Letter to Editor

Letter to the Editor: In Response to Mr. Kutschera’s Letter

November 7, 2022

To the Editors:


The Hellenic community needs more people like Mr. Kutschera – well versed in our history and an advocate for Greece. His letter to Mr. Cramer was on point. Mr. Cramer’s expression of gratitude for Pfizer CEO Dr. Albert Bourla’s Greek-Jewish family surviving the Holocaust was not only out of context but failed to elaborate how they survived. This omission did a disservice to Mr. Cramer’s viewers, the American public, and ultimately the people of Greece; the family’s survival is attributed to the heroic intervention of the family’s Greek Christian relative who risked his own life to obtain false documents, bribe German officers, and secure the safe return of family members even at the last minute after selection for death.

More importantly, Mr. Kutschera called attention to the heroism of the Hellenic people, soldiers and civilians alike, as well as to the crucial role Greece played in delaying the German offensive against the Russians. He correctly notes the ignorance of most Americans. I might add that even Europeans under the age of 60 might do well to learn of Greece’s Resistance and contributions to the war’s success. Consider the below attestations by those best positioned to know of Greece’s startling and pivotal role in the Allied victory over Nazi fascism in World War II: President Franklin Delano Roosevelt; Joseph Stalin, leader of the Soviet Union; Winston Churchill, Prime Minister of the United Kingdom; and even the wartime Head of the German General Staff.

President Roosevelt credited the Greek resistance with restoring hope to the Allies by handing the Germans their first defeat of the war, after the United Kingdom and France had already been overcome.

Wilhelm Keitel, the Chief of the German Wehrmacht Overall Commander of Nazi Germany’s Armed Forces) admitted: “The Greeks delayed by two or more vital months the German attack against Russia: If we did not have this long delay, the outcome of the war would have been different.”

Similarly, on January 31, 1943, Stalin, leader of the Soviet Union, praised the Greek people for their courage in a Moscow radio broadcast following victory against the Germans in Stalingrad.

He acknowledged that Greece’s resistance was a turning point in WWII, saying “I am sorry because I am getting old and I shall not live long to thank the Greek People, whose resistance decided WWII.”

Winston Churchill, wartime Prime Minister of Great Britain, in a speech to the House of Commons boldly affirmed: “The word heroism…does not render the least of those acts of self-sacrifice of the Greeks, which were the defining factor in the victorious outcome of the common struggle of the nations, during WWII, for human freedom and dignity. If it were not for the bravery of the Greeks and their courage, the outcome of WWII would be undetermined.”

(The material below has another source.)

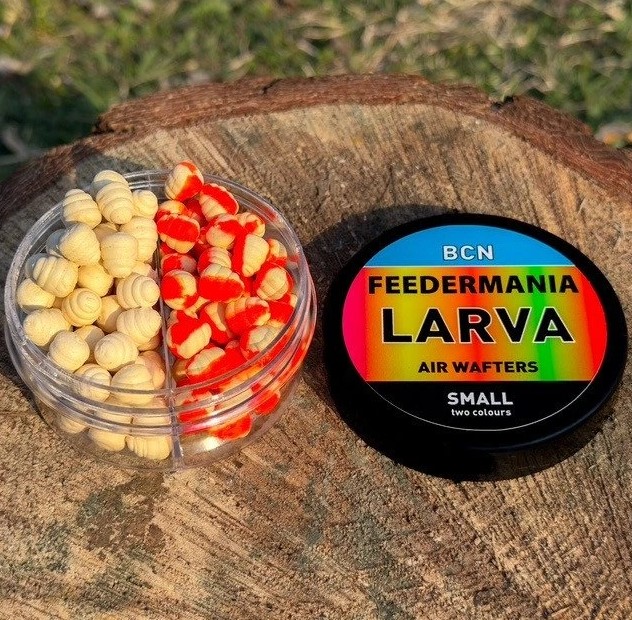 Plávajúca nástraha v tvare larvy – veľkosť SMALL (8–9 mm). Plávajúca nástraha v tvare larvy s nízkym vztlakom, ktorá háčik úplne nezdvihne, ale ho iba jemne odľahčí. Vďaka tomu sa nástraha správa prirodzene a ryby ju ľahšie nasajú. Vďaka výraznému dvojfarebnému prevedeniu a prémiovým anglickým arómam je veľmi atraktívna najmä pre menšie kapry. Zároveň jej unikátny skrútený tvar napodobňuje prirodzenú potravu, takže nepôsobí podozrivo ani na väčšie a opatrnejšie kapry.

While many other aspects and histories of the suffering of people in WWII have been exhaustively presented, unfortunately, a comprehensive, professional documentary which might reach audiences amplifying and illuminating this story of global importance does not exist.

Few outside Greece of non-Hellenic descent are even aware that we celebrate ‘OXI’ Day on October 28th. It is well past time for such a film to be made. It would be appropriate for our most prominent political organizations and particularly those which commemorate ‘OXI’ Day to fund and produce a major production that will be able to excite and engage the interest of non-Greeks as well as Hellenes. Only in this way can we begin to garner support for Greece in the likely event that it will be needed.

Squandering the tremendous goodwill that publicizing Greece’s role in World War II will generate is a wasted opportunity, and in the face of recent events and statements, dangerous, and unacceptable.

Ζήτο η Αγαπημένη Ελλάδα!


Georgia Stavropoulos, M.A., M. Phil.